Saved entries:
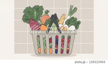 Shopping basket filled with fresh organic vegetables and fruits on beige tiled kitchen counter background including leafy greens carrots parsnips eggs and colorful produce
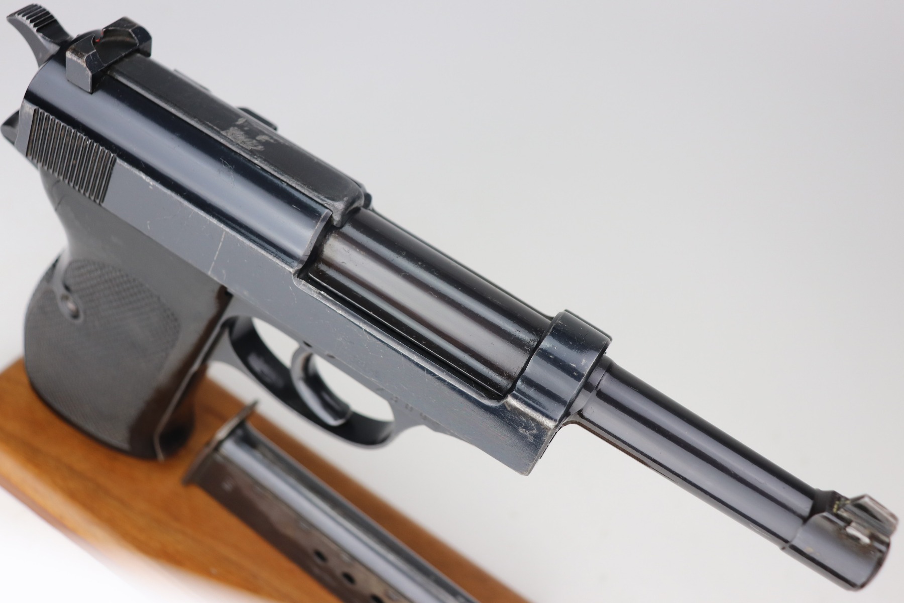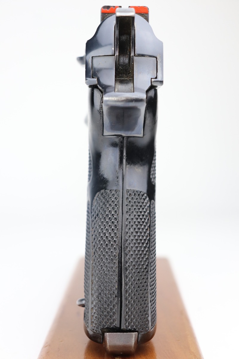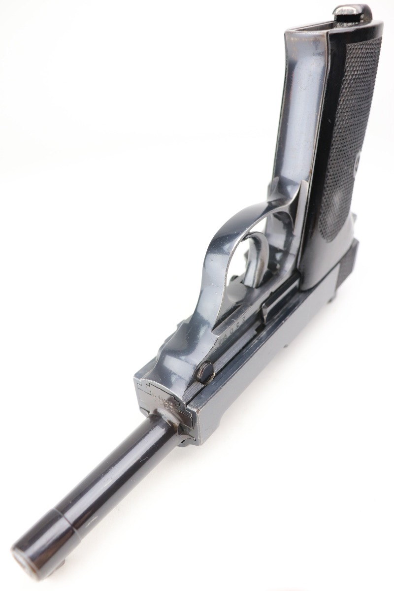 2/25/21 – This is a rare early Walther P.38, marked and known as the Mod HP or M/39, that was part of the second Swedish contract order for these pistols. There were only about 500 of this variant produced, all in April of 1940. It is all matching, but the barrel was re-numbered. It could have been done in the period, but we can’t say for sure. This pistol has very nice, early high polish finish that rates around 95%. The condition is somewhat difficult to grade as there are many very tiny surface scratches on the slide, which is surprisingly common on these guns. There’s also light finish loss on the edges of the slide and some handling marks on the front strap. A few scratches on the top plate. It comes with original and correct grips and a WW2-era magazine. The bore is minty. The de-cocker is not functional.
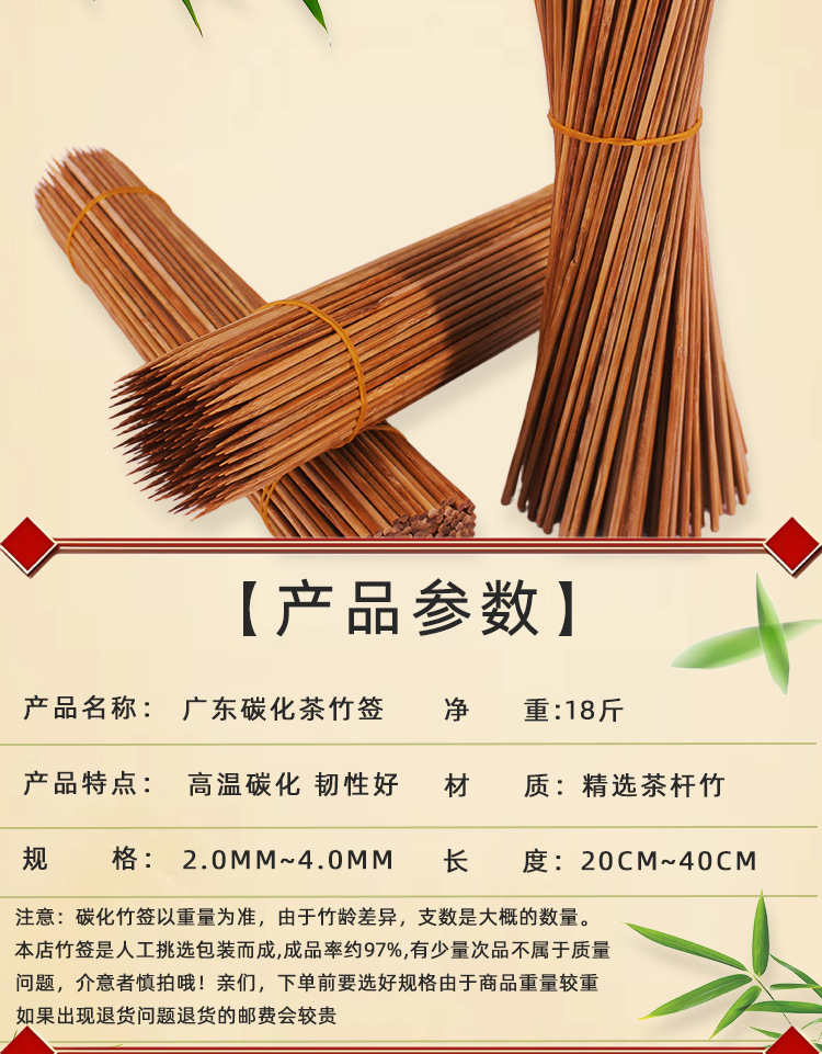 碳化竹签一次性签子特硬广东黑签羊肉串串香烤肠糖葫芦烧烤签批发
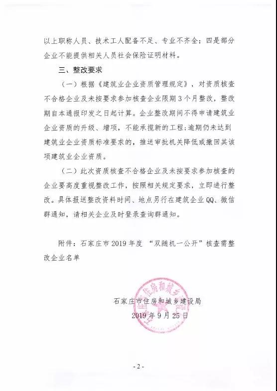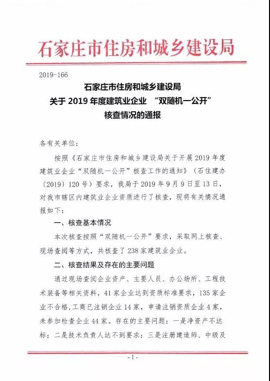 近日,河北石家莊市住建局通報2019年度建筑業企業
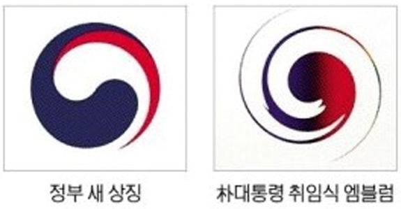 ▲올해 3월 확정된 정부상징. 문양과 색깔이 최순실 씨가 대통령 취임식 때 선택한 엠블럼(오른쪽)과 상당히 비슷하다.
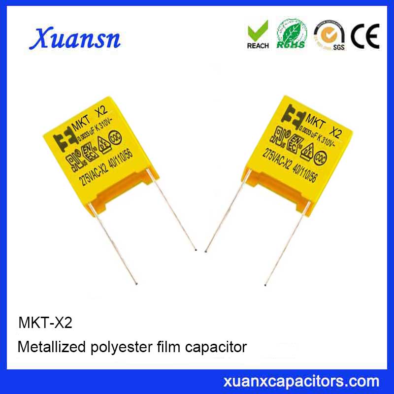 X2 Film Capacitor 332K Is a Metalized Polyester Film Capacitor, packaged in a plastic case, with good size consistency.

→ EXERCISE AIM
Give the entries above again word for word, without the pictures.

→ RESULT
 Shopping basket filled with fresh organic vegetables and fruits on beige tiled kitchen counter background including leafy greens carrots parsnips eggs and colorful produce
 2/25/21 – This is a rare early Walther P.38, marked and known as the Mod HP or M/39, that was part of the second Swedish contract order for these pistols. There were only about 500 of this variant produced, all in April of 1940. It is all matching, but the barrel was re-numbered. It could have been done in the period, but we can’t say for sure. This pistol has very nice, early high polish finish that rates around 95%. The condition is somewhat difficult to grade as there are many very tiny surface scratches on the slide, which is surprisingly common on these guns. There’s also light finish loss on the edges of the slide and some handling marks on the front strap. A few scratches on the top plate. It comes with original and correct grips and a WW2-era magazine. The bore is minty. The de-cocker is not functional.
 碳化竹签一次性签子特硬广东黑签羊肉串串香烤肠糖葫芦烧烤签批发
 近日,河北石家莊市住建局通報2019年度建筑業企業
 ▲올해 3월 확정된 정부상징. 문양과 색깔이 최순실 씨가 대통령 취임식 때 선택한 엠블럼(오른쪽)과 상당히 비슷하다.
 X2 Film Capacitor 332K Is a Metalized Polyester Film Capacitor, packaged in a plastic case, with good size consistency.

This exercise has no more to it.